In CAE-RNN, generalization performance was achieved by learning different object position information through data augmentation. In contrast, CNN-RNN learns images and joint angle information simultaneously, making it difficult to apply data augmentation to robot joint angles corresponding to changes in image position. Three potential solutions are proposed below to improve the position generalization performance of CNNRNNs.

  1. Pre-training

    Only the CAE part of the CNNRNN is extracted and pre-trained. By learning only the image information using data augmentation, CAE can extract a variety of object position information. Then, end-to-end learning is performed using the pre-trained weights to map images to joint angles. However, since CAE needs to be pre-trained, the training time required is the same as that of CAE-RNN, resulting in minimal benefits of using CNN-RNN.

  2. Layer Normalization

    CAE-RNN used BatchNormalization2 as a normalization method to make CAE training stable and fast.
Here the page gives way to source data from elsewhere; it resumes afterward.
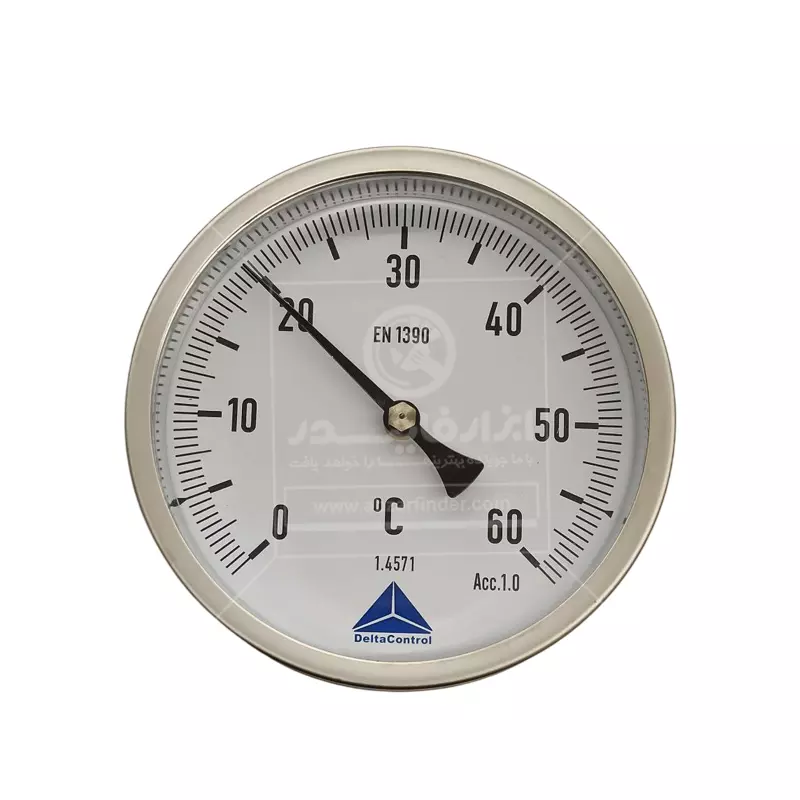 ترمومتر صفحه 10 سانت دلتا کنترل رنج 60 درجه سانتیگراد و طول 100 میلی متر یک ترمومتر عقربهای صنعتی با اتصال از پشت (Centre Back Stem) است، یعنی صفحهی گردِ نمایش از جلو دیده میشود، اما میله/سنسور از پشتِ بدنه وارد خط یا مخزن میشود. این مدلها برای اندازهگیری دمای سیالات صنعتی (مثل آب، بخار کمفشار، روغن، هوا/گازها و …) طراحی میشوند، جاهایی که برق و باتری نمیخواهید یا ندارید، ابزار باید ساده، مقاوم و همیشهکار باشد و یا خواندن دما از روی عقربه و صفحه کافی باشد. ویژگی کلیدی نسخهی «اتصال از پشت» این است که وقتی ترمومتر روی دیوار مخزن یا روی لوله از روبهرو نصب میشود، صفحه درست رو به اپراتور میایستد و میله از پشت وارد سیستم میشود. این ترمومتر معمولاً از نوع بیمتال (Bimetal) است. داخل بدنه یک قطعهی فلزی از دو فلز متفاوت وجود دارد که به هم چسبیدهاند، وقتی دما بالا/پایین میرود، هر فلز با نرخ متفاوتی منبسط/منقبض میشود، این اختلاف انبساط باعث پیچش یا حرکت مکانیکی آن قطعه میشود و در نهایت این حرکت با یک مکانیزم انتقال (چرخدنده/اهرم) به عقربه میرسد و عقربه روی صفحه عدد دما را نشان میدهد، در واقع بدون نیاز به برق، دما را مستقیم و قابلاعتماد نشان میدهد. این ترمومتر چون مکانیکی است، بهاندازهی سنسور دیجیتالِ کالیبرهشده “فوقدقیق” نیست، اما برای کنترلهای صنعتی عالی است. عبارت EN 1390 روی صفحه یعنی مطابق استاندارد اروپایی مربوط به ترمومترهای بیمتال/صفحهای می باشد.
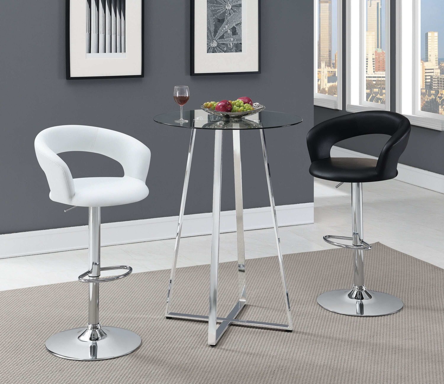 - Height adjustable hydraulic bar stool available in white, black, and grey leatherette
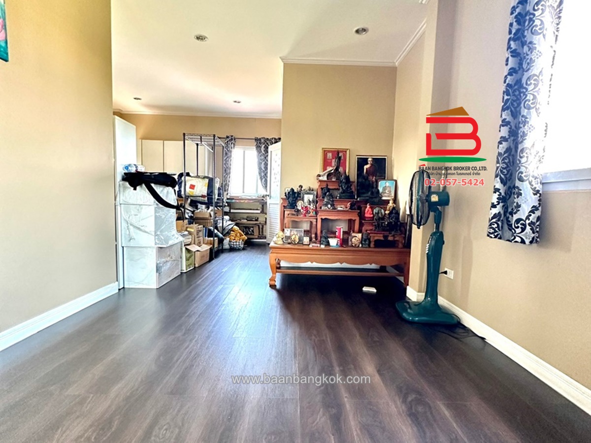 การตกแต่ง : ออกแบบสไตล์โมเดิร์น พื้นล่างปูแกรนิตโต้ พื้นบนปูลามิเนต ตกแต่งผ้าม่าน ห้องนอน Master Bedroom ชั้น 2 มีโซน walk-in closet ภายในติดเหล็กดัด กั้นโซนครัวเป็นสัดส่วน ติดตั้งเคาน์เตอร์ครัว มีปั้มน้ำ+แท็งค์น้ำ แอร์ 2 เครื่อง มีสิ่งอำนวยความสะดวก อาทิ รปภ.24 ชม., CCTV
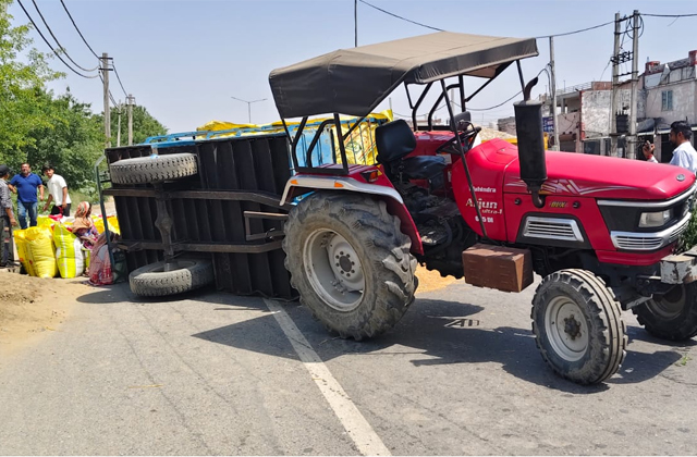 चंडीगढ़ रोड पर बड़ा हादसा टला, अनाज से भरी ट्रॉली हाईवे पर पलटी
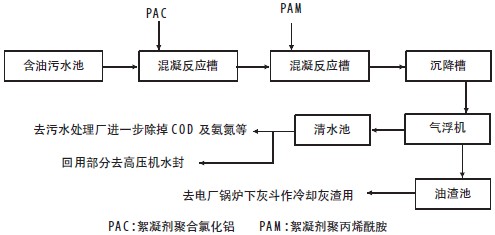 廣西柳州化工股份公司合成分廠,僅氫氮壓縮機(jī)就有18 臺(tái),滿負(fù)荷生產(chǎn)時(shí)每小時(shí)產(chǎn)生約25m3的含油污水,在氣浮凈水裝置投用以前,含油污水只是簡單地處理后外排,不僅造成了水資源浪費(fèi),同時(shí)也污染了受納水體。油類污染物成分復(fù)雜、且含量較高,經(jīng)過多次比較,實(shí)施了氣浮凈化水技術(shù)的處理工藝,取得了良好效果,為污水處理廠進(jìn)一步凈水提供良好的條件。
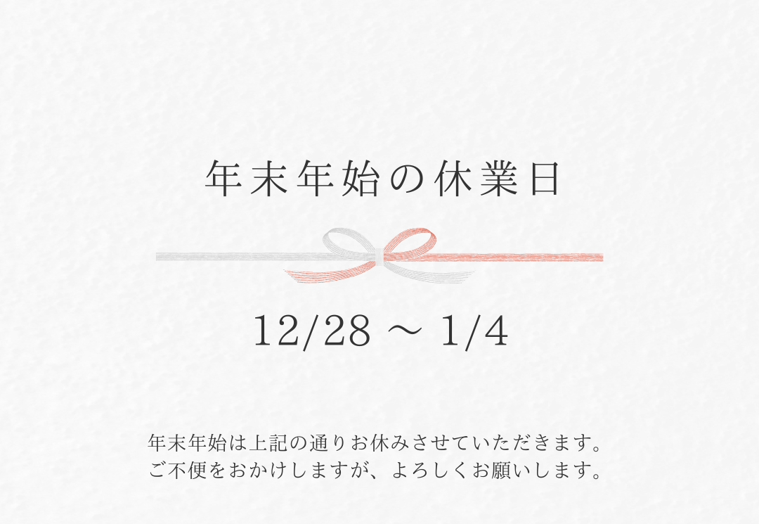 ※休業期間中のお問合せに関しましては、恐れ入りますが2026年 1月 5日以降にご対応をさせていただきます。
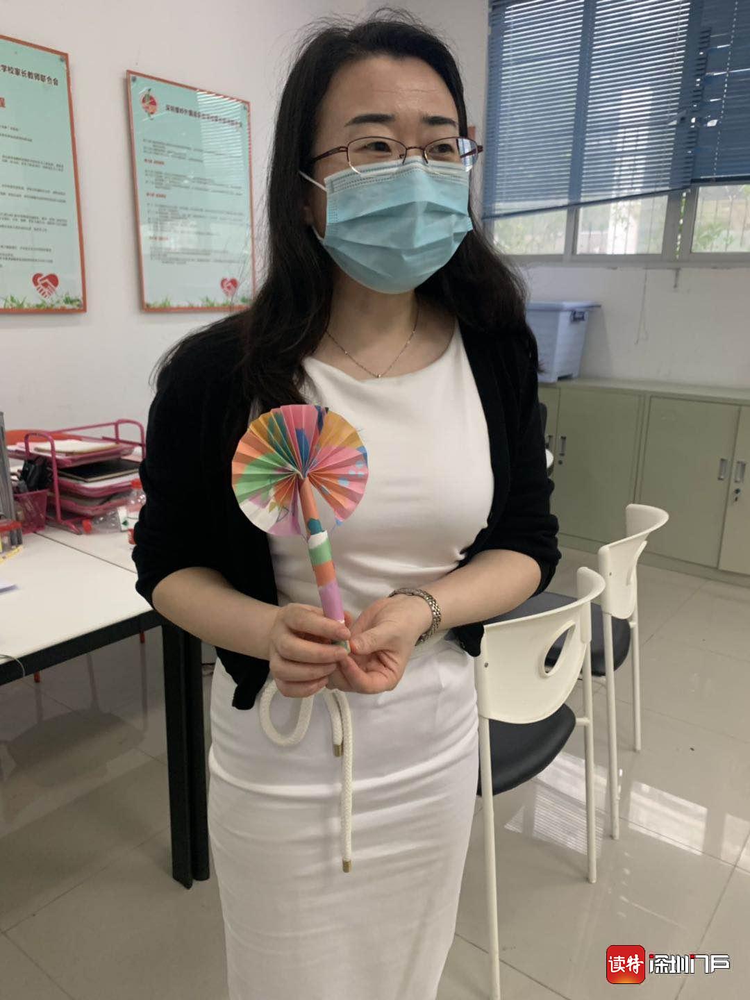 螺嶺外國語實(shí)驗(yàn)學(xué)校三年級(jí)(12)班的學(xué)生林子軒專門為老師做了小折扇,一進(jìn)校門就送到了老師手里,怕老師熱。

However, BatchNormalization has the problems that learning becomes unstable when the batch of dataset is small and it is difficult to apply to recursive neural networks. Therefore, we will improve the generalization performance by using Layer Normalization3, which can train stably on small batches of data sets and time-series data.

    The figure below visualizes the internal state of CNNRNNLN: CNNRNN with Layer Normalization using principal component analysis. The self-organization (alignment) of attractors for each object position allows the robot to generate correct motion even at untaught positions.
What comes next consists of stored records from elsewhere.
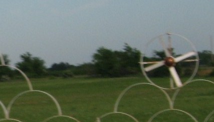 The half-circles build up like clouds and to set it off there are on each side whole circles set with spinners to look like airplane propellers. See below.
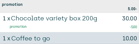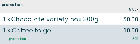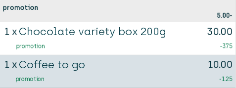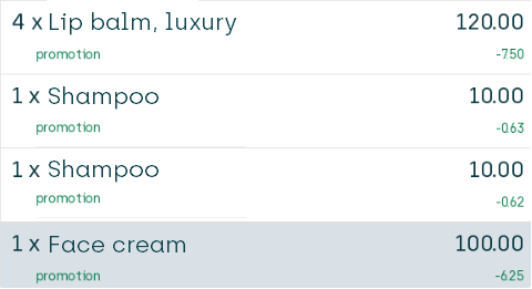 Because the customer buys two bottles of shampoo, the customer's discount will amount to 15.00, and the 15.00 discount is then distributed proportionally across all seven articles (with a little bit of rounding in order to reach a 15.00 discount exactly, which is why the discount on the two bottles of shampoo is 0.63 and 0.62 respectively).
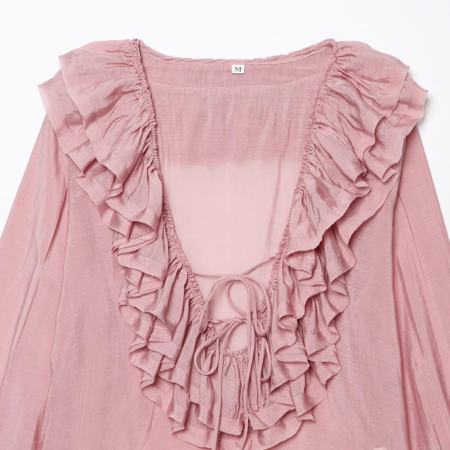 • Women Casual Long Sleeve Chiffon Blouse V Neck Ruffle Tiered Solid Color Loose Fit Tie Neck Fashion Summer Shirt For Ladies
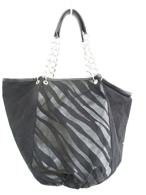 【中古】セオリー theory トートバッグ ゼブラ チェーン トート 黒 レディース
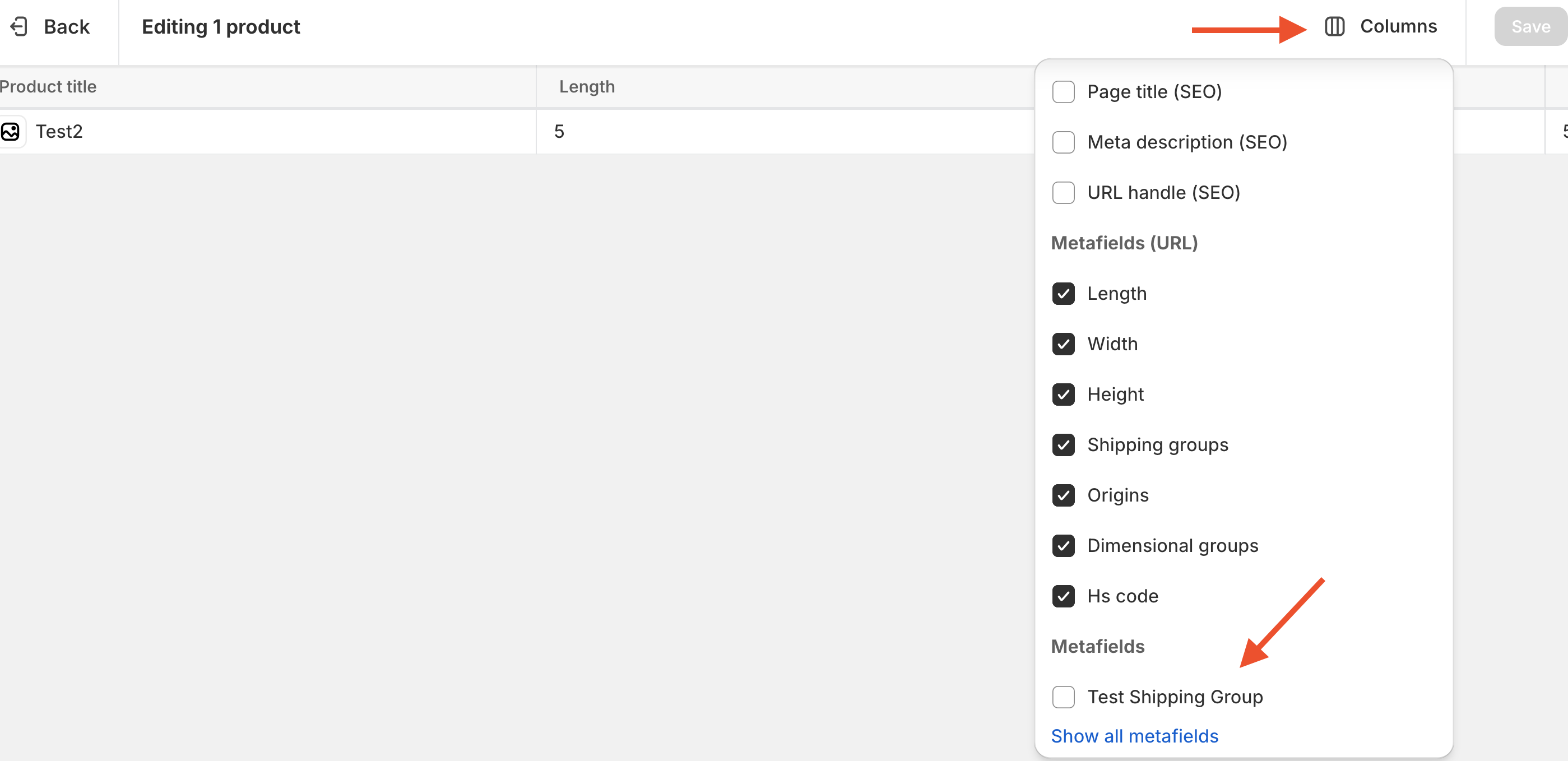 - Click the Columns link in the product editor. Add the new metafield description as a product column.
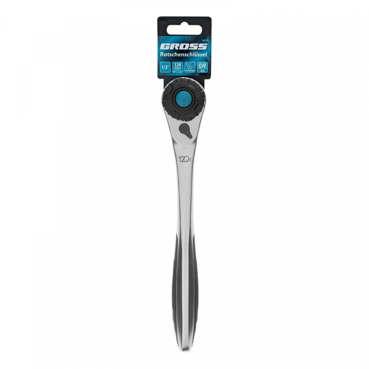 Ключ-трещотка 1/2", CrV, 120 зубьев, с быстрым сбросом, цельнометаллический, хром Gross
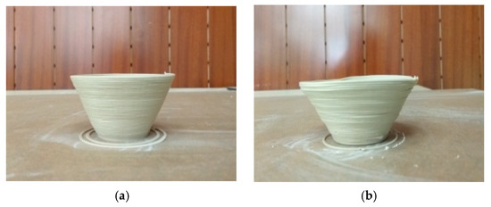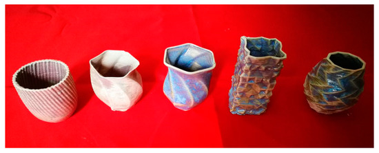 According to our experimental observation, no cracks occurred in all of the 3D-printed ceramic samples. The measurements and statistics showed that there was no dimensional shrinkage of the fully dried 3D-printed ceramic samples after biscuit firing at the temperature 800 °C. Moreover, we also tried to glaze the 3D-printed ceramic vessels as given in the Figure 15. Furthermore, the dimensional shrinkage of the 3D-printed biscuit bodies is about 20% after high-temperature glazed sintering at the temperature 1250 °C [39]. These ceramic products with profiled surfaces were almost impossible to fabricate via traditional craftsmanship. This demonstrates that fully digital and easily available extrusion-based 3D printing of ceramics has great potentials.
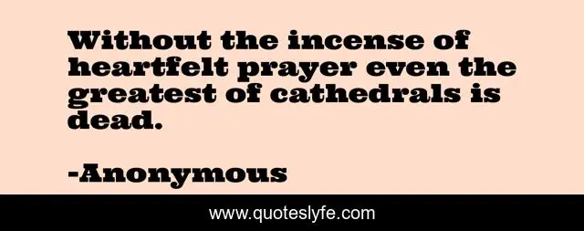 This page presents the quote "Without the incense of heartfelt prayer even the greatest of cathedrals is dead.". Author of this quote is Anonymous. .

    Visualize the internal state of CNNRNNLN using PCA

  3. Spatial Attention

    Since CAE-RNN and CNNRNN learn motion based on image features containing various information (position, color, shape, background, lighting conditions, etc.), robustness during motion generation has been a concern. To address this issue, we can improve robustness by incorporating a spatial attention mechanism that "explicitly" extracts spatial coordinates of important positions (target objects and arms) from images, thus improving the learning of spatial coordinates and robot joint angles. For more information on the spatial attention mechanism, see this link.


  1. Hiroshi Ito, Kenjiro Yamamoto, Hiroki Mori, Shuki Goto, and Tetsuya Ogata. Visualization of focal cues for visuomotor coordination by gradient-based methods: a recurrent neural network shifts the attention depending on task requirements. In 2020 IEEE/SICE International Symposium on System Integration (SII), 188–194. IEEE, 2020. 

  2. Sergey Ioffe and Christian Szegedy. Batch normalization: accelerating deep network training by reducing internal covariate shift. In International conference on machine learning, 448–456. pmlr, 2015. 

  3. Jimmy Lei Ba, Jamie Ryan Kiros, and Geoffrey E Hinton. Layer normalization. arXiv preprint arXiv:1607.06450, 2016.